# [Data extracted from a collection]
┄┄┄┄┄┄┄┄┄┄┄┄┄┄┄┄┄┄┄┄

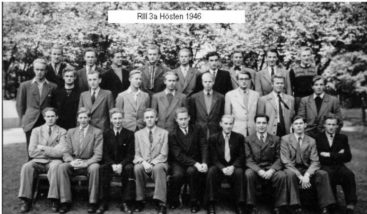
R111 3a Hösten 1946

Någon "riktig" realgymnasiestuderande blev jag ju inte eftersom jag vid valet av ämnen fr.o.m. ring 2 varken läste fysik, kemi eller specialmatematik utan som tillvalsämnen hade tyska, franska, filosofi och geografi. Fasta ämnen var kristendomskunskap, modersmålet, engelska, historia med samhällslära och matematik allmän kurs. Under gymnasietiden förstärktes kunskaperna med enskilt arbete (obligatoriskt sommarinhämtande av extra kunskaper i visst ämne), t.ex. i svenska språket och litteraturen (Frödings författarskap) och filosofi (Vittnespsykologi).
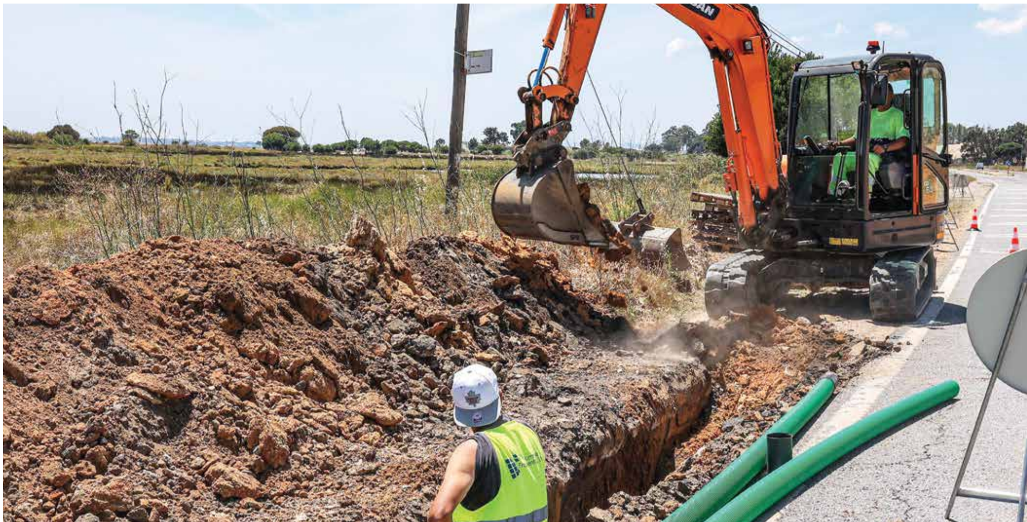
A requalificação da Estrada da Mitrena já se encontra em obra, um investimento de perto de quatro milhões de euros

QUATRO PROJETOS EM VÁRIAS ÁREAS DO CONCELHO
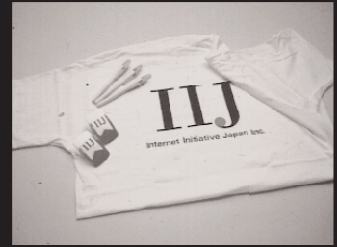
H-1: Tシャツ3名様 H-2: メモクリップ 10名様 H-3: ロゴリベン 10名様 提供: 株式会社インターネットイニシアティブ
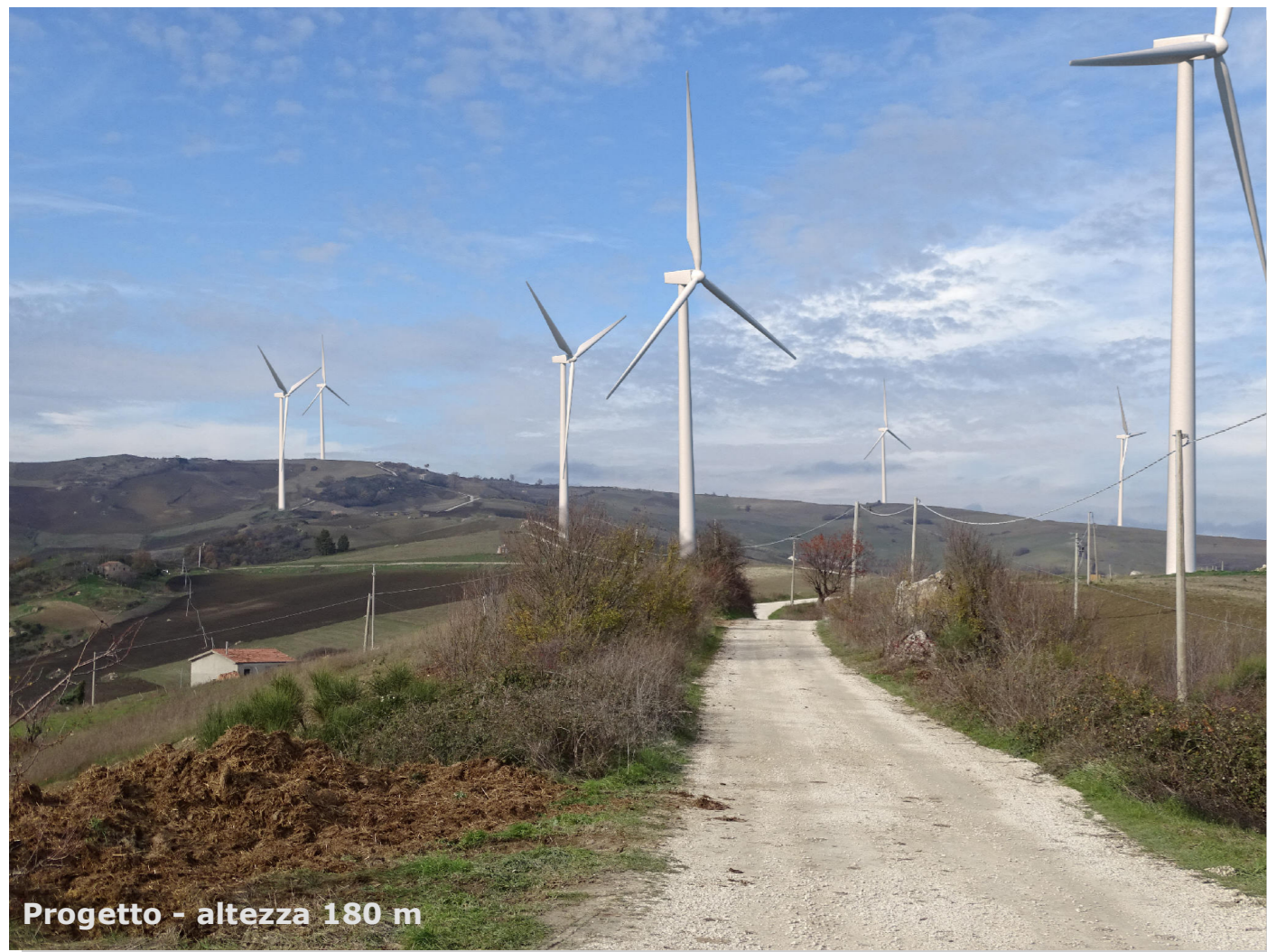
Progetto - altezza 180 m
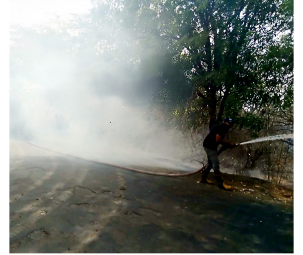
अमळनेर : आग लागलेल्या शेतातील चारा विझविताना अग्निशामक कर्मचारी

┄┄┄┄┄┄┄┄┄┄┄┄┄┄┄┄┄┄┄┄

# [ABOUT THIS TASK]
Leaving the pictures aside, transcribe exactly the lines from the one containing "H-1: Tシャツ3名様 H-2: メモクリップ" to the final line of the entries above, both ends included.

# [REPLY TO THE TASK]
H-1: Tシャツ3名様 H-2: メモクリップ 10名様 H-3: ロゴリベン 10名様 提供: 株式会社インターネットイニシアティブ
Progetto - altezza 180 m
अमळनेर : आग लागलेल्या शेतातील चारा विझविताना अग्निशामक कर्मचारी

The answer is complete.